» **Assignment**: Retype every line of the data below, starting with the first and ending with the line that contains "Jag älskar barn, i", but leave out the pictures.
Start of Source information
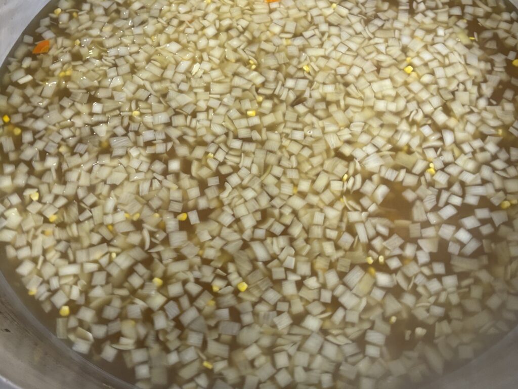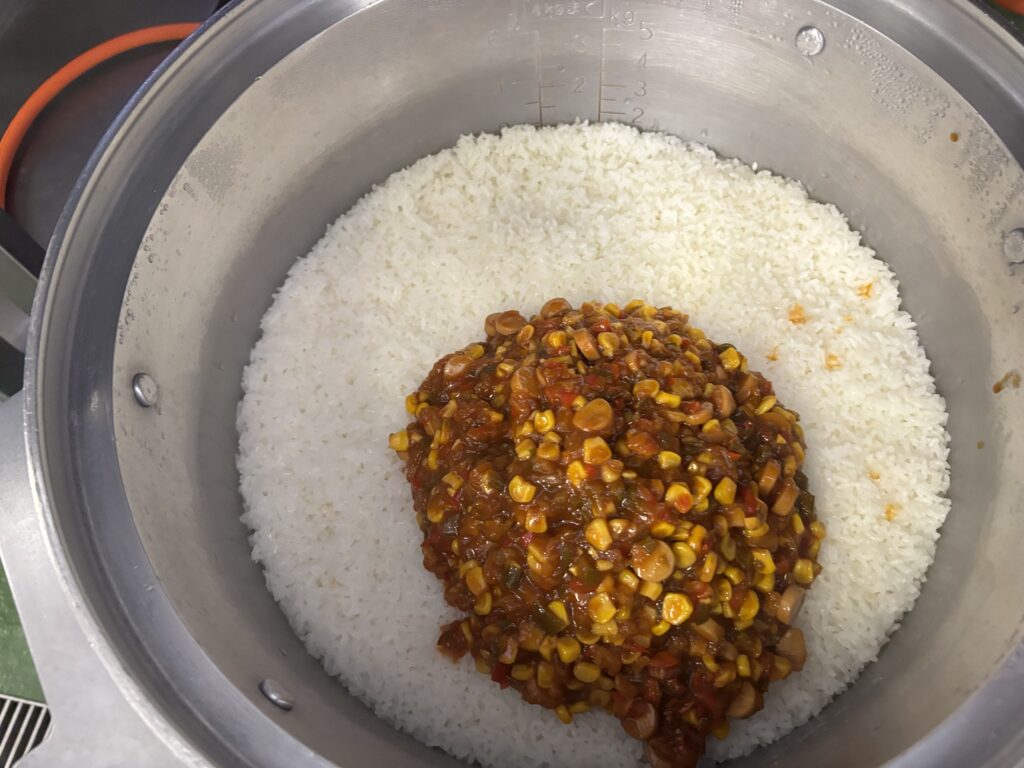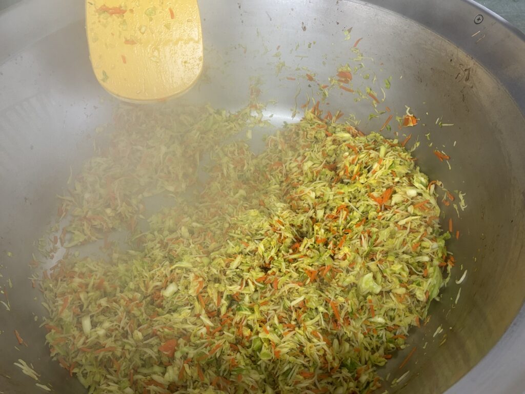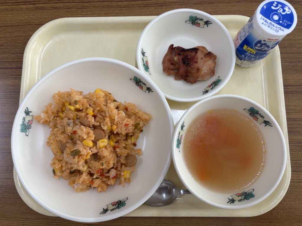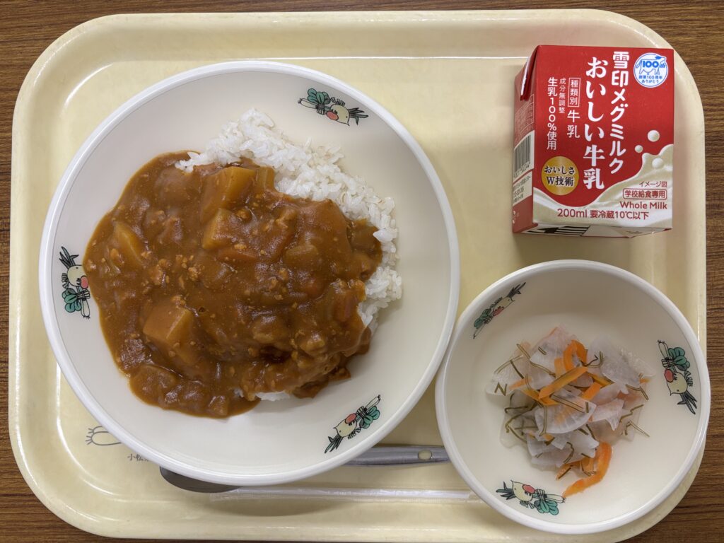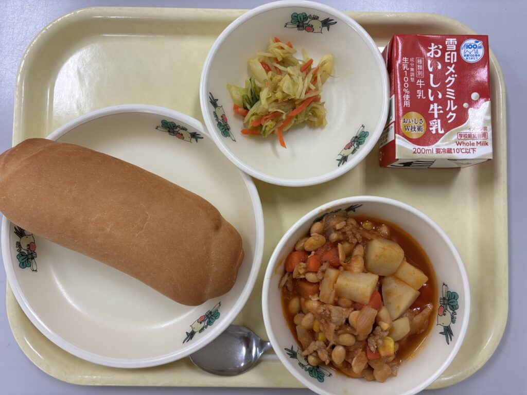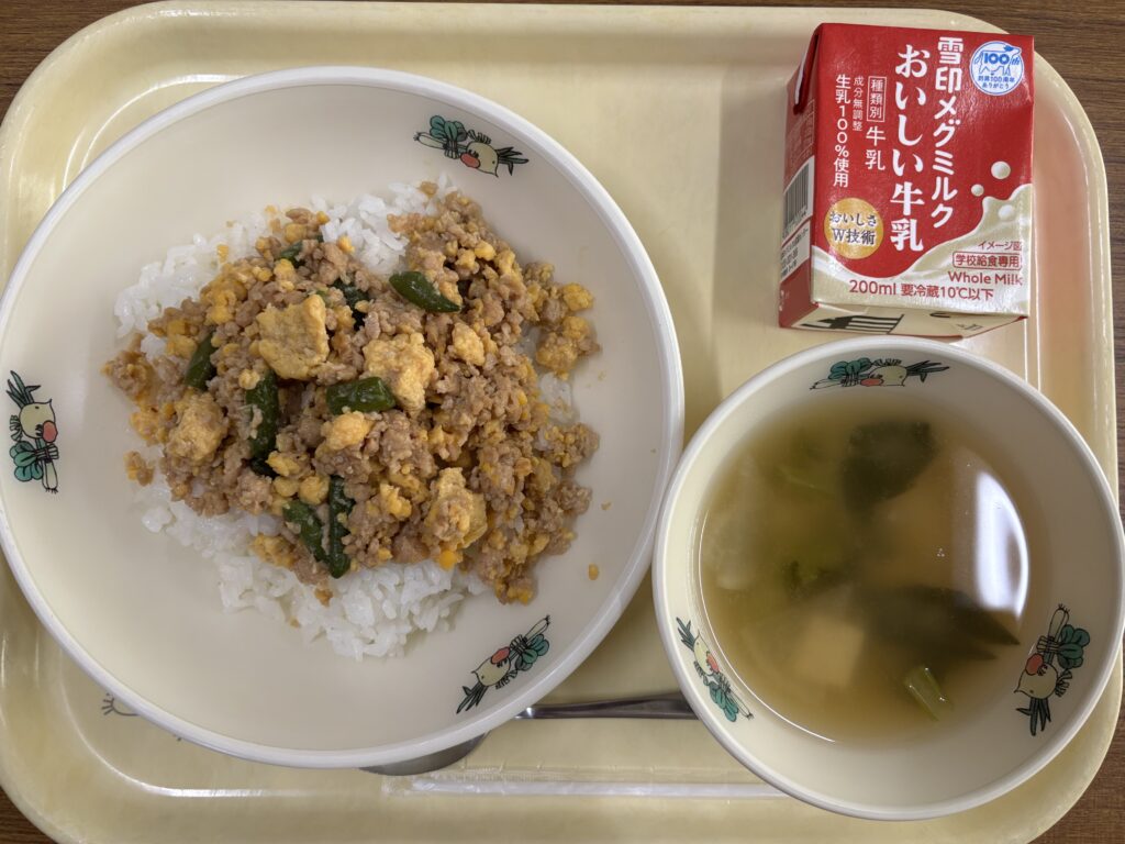 今日のみそ汁は、5年1組でグランプリに輝いたみそ汁です。小松菜、大根、さつま芋、豆腐、久御山みそを使用しています。煮干しでしっかりとだしをとって作りました。赤・黄・緑の食品をとることが出来る栄養満点のみそ汁です。
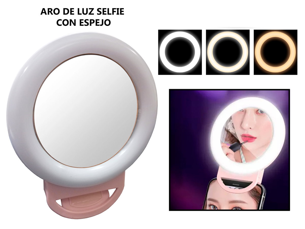 ARO DE LUZ SELFIE CON ESPEJO 12CM CON 3 TIPOS DE ILUMINACIÓN HR-20
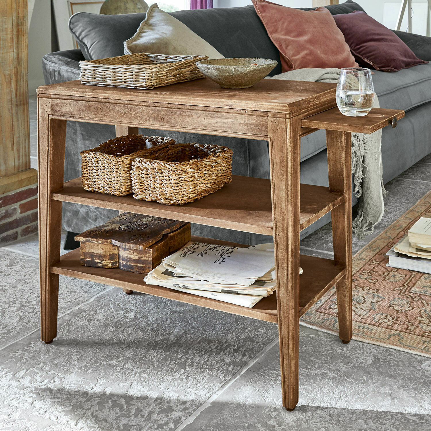 Landhaus-Look und Holz – das gehört zusammen wie Licht und Schatten oder Sonne und Regen. Deshalb wählte der Designer für diesen Beistelltisch folgerichtig hochwertiges Mangoholz, ein Tropenholz mit einer ausgezeichneten Härte und einer besonders lebendigen Maserung, die jedem Möbelstück einen natürlichen, unverwechselbaren Charme verleiht. Und das Wort Tropenholz bedeutet bei diesem Beistelltisch nur, dass das Holz in den Tropen gewachsen ist, wie die Früchte, die Jahr um Jahr an dem Baum gereift sind. Das heißt: Mangoholz ist ein Nebenprodukt des Obstanbaus und das Holz gehört dadurch zu den ökologisch wertvollen, nachhaltigen Hölzern. Weil der Designer um die besondere Ausstrahlung des Holzes wusste, hat er sich nicht nur in puncto Gestaltung auf eine schlichte Formgebung beschränkt, sondern auch bewusst auf ein Finish verzichtet, so dass sich das wiederaufbereitete Mangoholz bei diesem Beistelltisch in seiner naturbelassenen Schönheit präsentieren kann. Doch selbstverständlich beschränkt sich der Beistelltisch nicht darauf, gut auszusehen, sondern bietet Ihnen viel Platz auf seinen zwei Regalböden und der oberen Holzplatte. Und wenn dieser Platz nicht ausreicht, ziehen Sie einfach an der Seite mit einem Handgriff eine weitere Ablagefläche heraus.
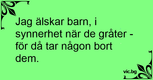 Jag älskar barn, i synnerhet när de gråter - för då tar någon bort dem.
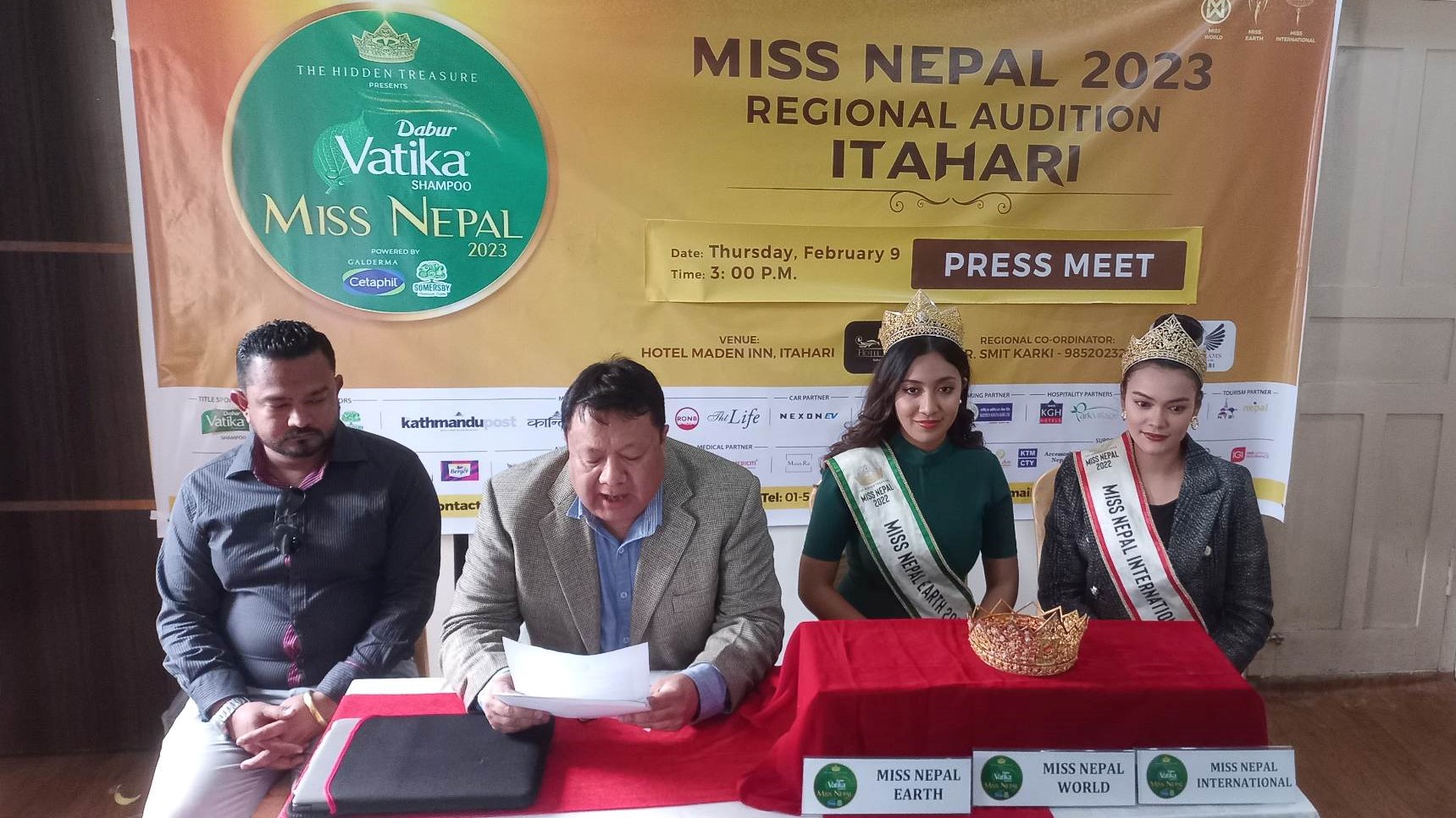 माघ २८ गते शनिबार ‘मिस नेपाल–२०२३’ को पहिलो अडिसन इटहरीमा हुनेछ । पत्रकार सम्मेलनमा ‘मिस नेपाल इन्टरनेसनल २०२२ कि बिजेता न्यान्सी खड्का र ‘मिस नेपाल अर्थ २०२२’ कि बिजेता सरिशा श्रेष्ठ लगाएतको उपस्थिति रहेको थियो ।
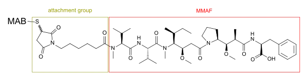 Monomethyl auristatin F is an antimitotic agent which inhibits cell division by blocking the polymerisation of tubulin. It is linked to an antibody with high affinity to structures on cancer cells, causing MMAF to accumulate in such cells.[3]
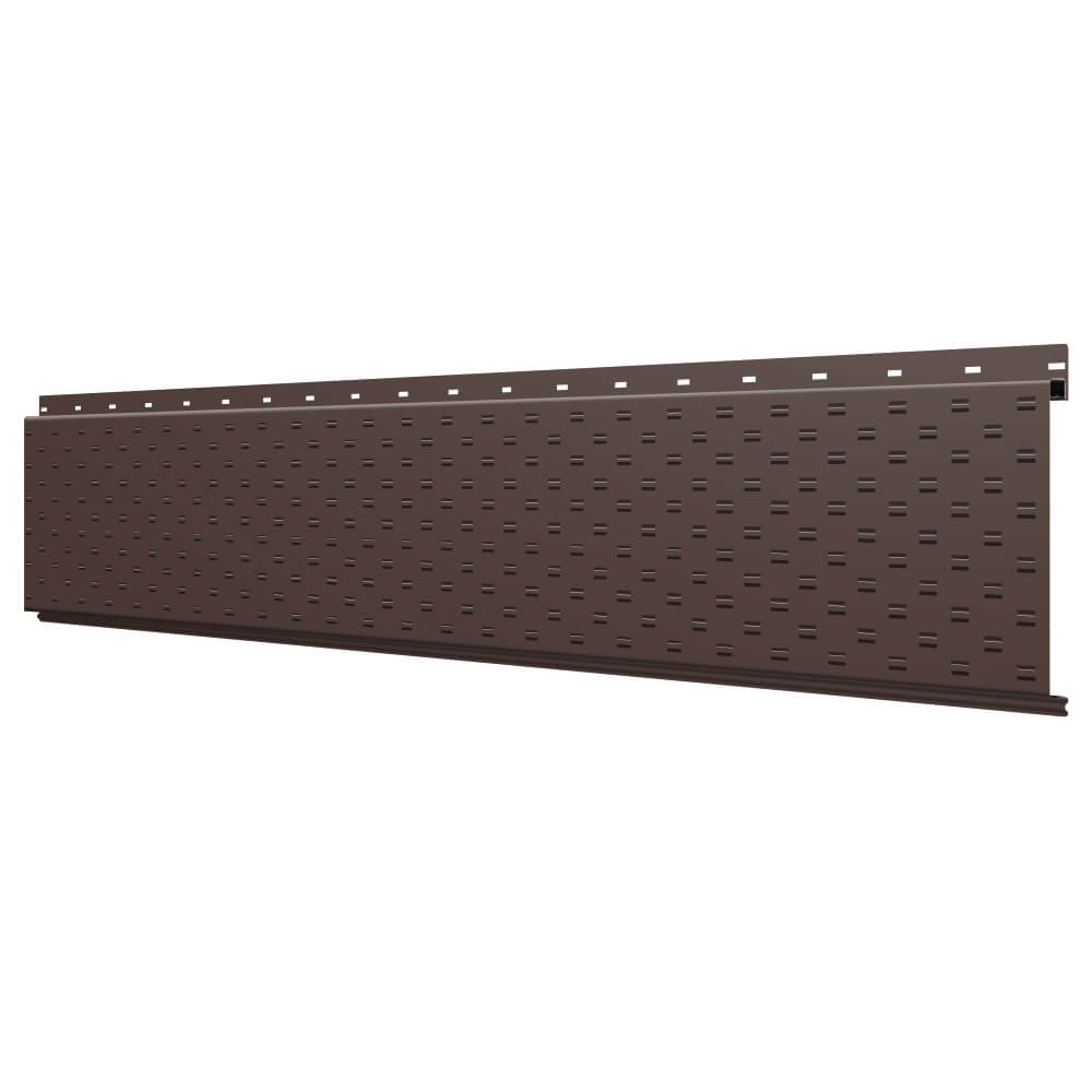 Линеарная потолочно-стеновая панель с ПЕРФОРАЦИЕЙ для вентиляции цвет RAL8017 Шоколад применяется в качестве софитов для подшивы крыши, наружной и внутренней отделки потолков, стен, фронтонов фасада дома в Саранске.
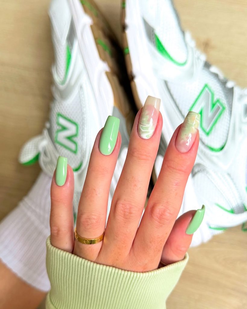This style is a perfect example of the new minimalist form. A solid creamy light mint green, paired with two fingers featuring a delicate marble design, results in an ultra-chic contrast. This sporty yet elevated gel manicure is ideal for a casual or sporty look, especially when paired with sneakers or a light tracksuit. Should you be the type of person who is into that easy feeling, then, yes, this is a hot trend that you are likely to find everywhere in 2025. It is the type of manicure that is very much durable but with a simple appearance, which is a great choice for summer events.
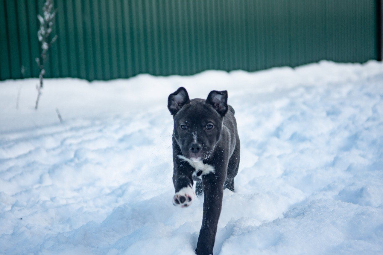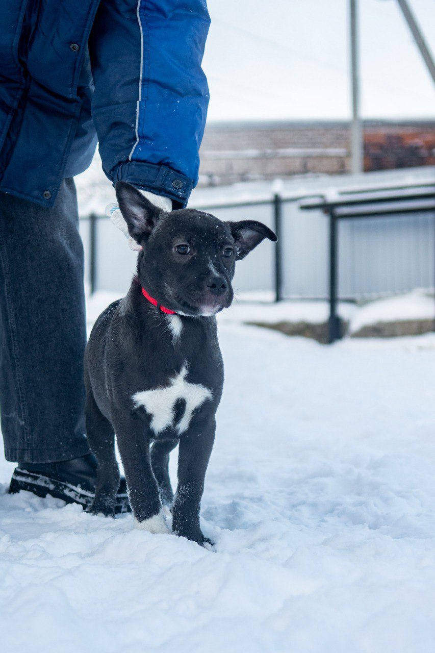 Пас — 4-месячный щенок от стаффорда и лайки. Темно-стального окраса, с белым пятном на груди в виде двух обнимающихся голубей — щенка символично назвали Пасом (от Pacific, «мирный»), имя отражает его добрый и мирный характер.
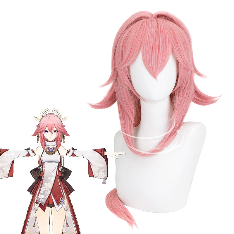 元神八重神子cosかつらyae稲妻城キツネミスピンクロングヘア
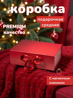 Подарочная коробка на магните с лентой красная, средняя
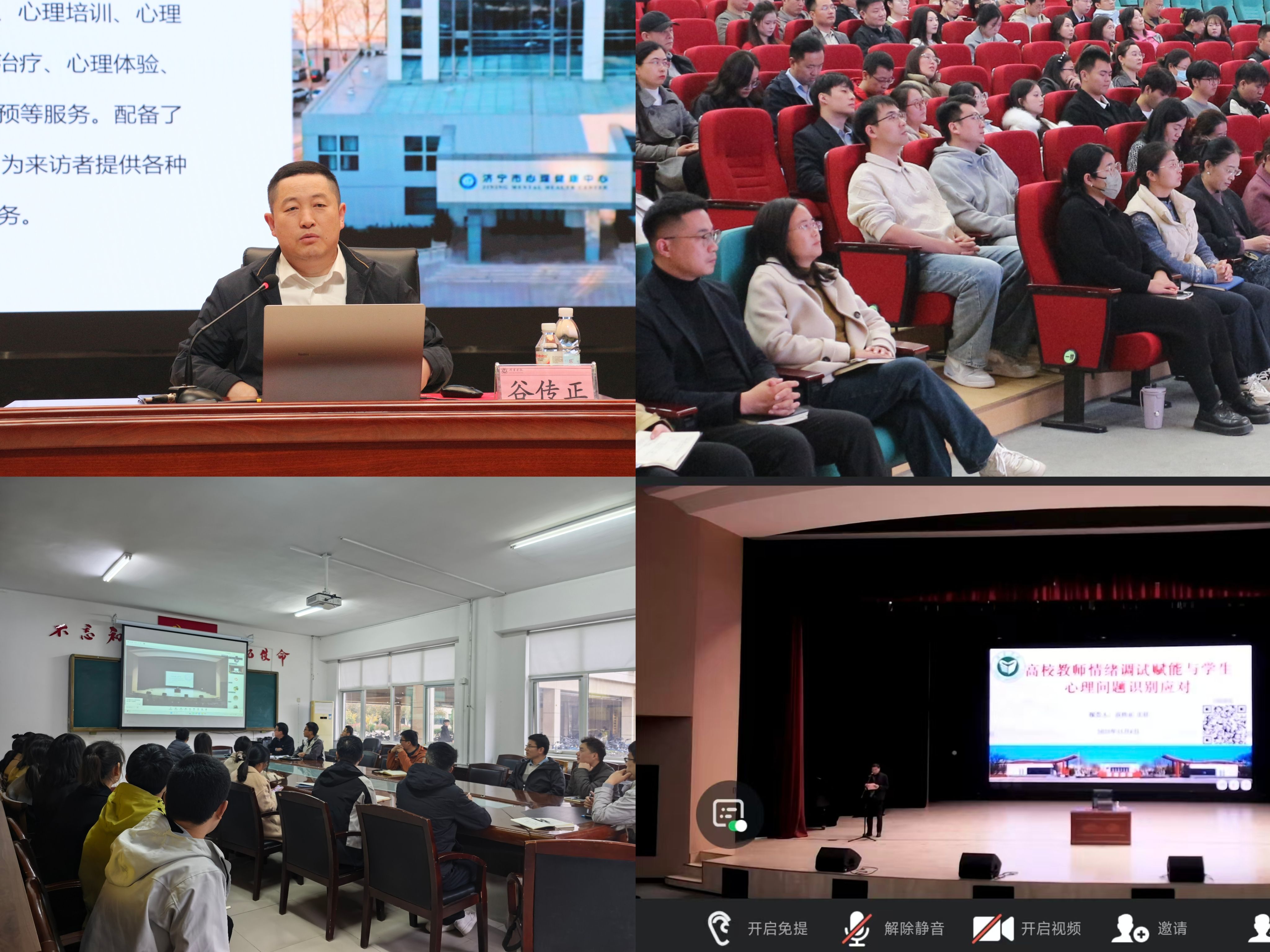 报告特邀山东省戴庄医院临床心理科主任医师谷传正担任主讲。谷传正以“高校教师情绪调试赋能与学生心理问题识别应对”为主题,结合丰富典型案例,深入浅出地讲解了教师情绪管理、压力疏导及人际关系优化等自我赋能技巧,引导广大教职工积极关注并主动维护自身心理健康。同时,报告系统阐述了学生常见心理问题的表现特征、识别方法以及稳定化应对策略,为一线育人工作者提供了科学、实用的指导路径。
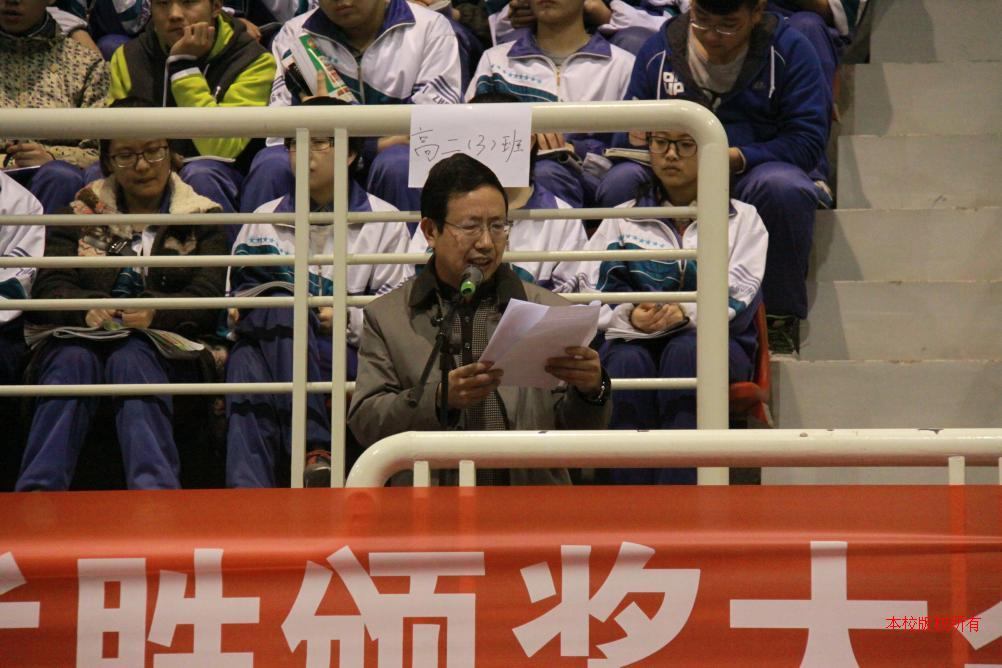 紧接着,王力争校长为大会作了热情洋溢的动员报告,为高三年级全体师生加油鼓劲壮行助威。他勉励同学们要坚定信心、志存高远、不怕吃苦、分秒必争、全力冲刺,用恒心、毅力和智慧,战胜一切困难;感谢老师们三年的辛勤付出,并要求老师们再接再厉做好最后100天的学法指导和心理疏导,希望高三全体师生能同舟共济,再创辉煌。会上,张剑云副校长宣布了2013-2014学年上学期期末考试高二年级优胜学生名单和2013年各类奥赛获奖学生名单及奖励。学校领导给获奖学生颁发了奖状,并向他们表示祝贺。最后,高三年级各班依次进行庄严宣誓,振奋人心、高亢嘹亮的誓词不绝于耳。
End of Source information
» **Result below**:
 今日のみそ汁は、5年1組でグランプリに輝いたみそ汁です。小松菜、大根、さつま芋、豆腐、久御山みそを使用しています。煮干しでしっかりとだしをとって作りました。赤・黄・緑の食品をとることが出来る栄養満点のみそ汁です。
 ARO DE LUZ SELFIE CON ESPEJO 12CM CON 3 TIPOS DE ILUMINACIÓN HR-20
 Landhaus-Look und Holz – das gehört zusammen wie Licht und Schatten oder Sonne und Regen. Deshalb wählte der Designer für diesen Beistelltisch folgerichtig hochwertiges Mangoholz, ein Tropenholz mit einer ausgezeichneten Härte und einer besonders lebendigen Maserung, die jedem Möbelstück einen natürlichen, unverwechselbaren Charme verleiht. Und das Wort Tropenholz bedeutet bei diesem Beistelltisch nur, dass das Holz in den Tropen gewachsen ist, wie die Früchte, die Jahr um Jahr an dem Baum gereift sind. Das heißt: Mangoholz ist ein Nebenprodukt des Obstanbaus und das Holz gehört dadurch zu den ökologisch wertvollen, nachhaltigen Hölzern. Weil der Designer um die besondere Ausstrahlung des Holzes wusste, hat er sich nicht nur in puncto Gestaltung auf eine schlichte Formgebung beschränkt, sondern auch bewusst auf ein Finish verzichtet, so dass sich das wiederaufbereitete Mangoholz bei diesem Beistelltisch in seiner naturbelassenen Schönheit präsentieren kann. Doch selbstverständlich beschränkt sich der Beistelltisch nicht darauf, gut auszusehen, sondern bietet Ihnen viel Platz auf seinen zwei Regalböden und der oberen Holzplatte. Und wenn dieser Platz nicht ausreicht, ziehen Sie einfach an der Seite mit einem Handgriff eine weitere Ablagefläche heraus.
 Jag älskar barn, i synnerhet när de gråter - för då tar någon bort dem.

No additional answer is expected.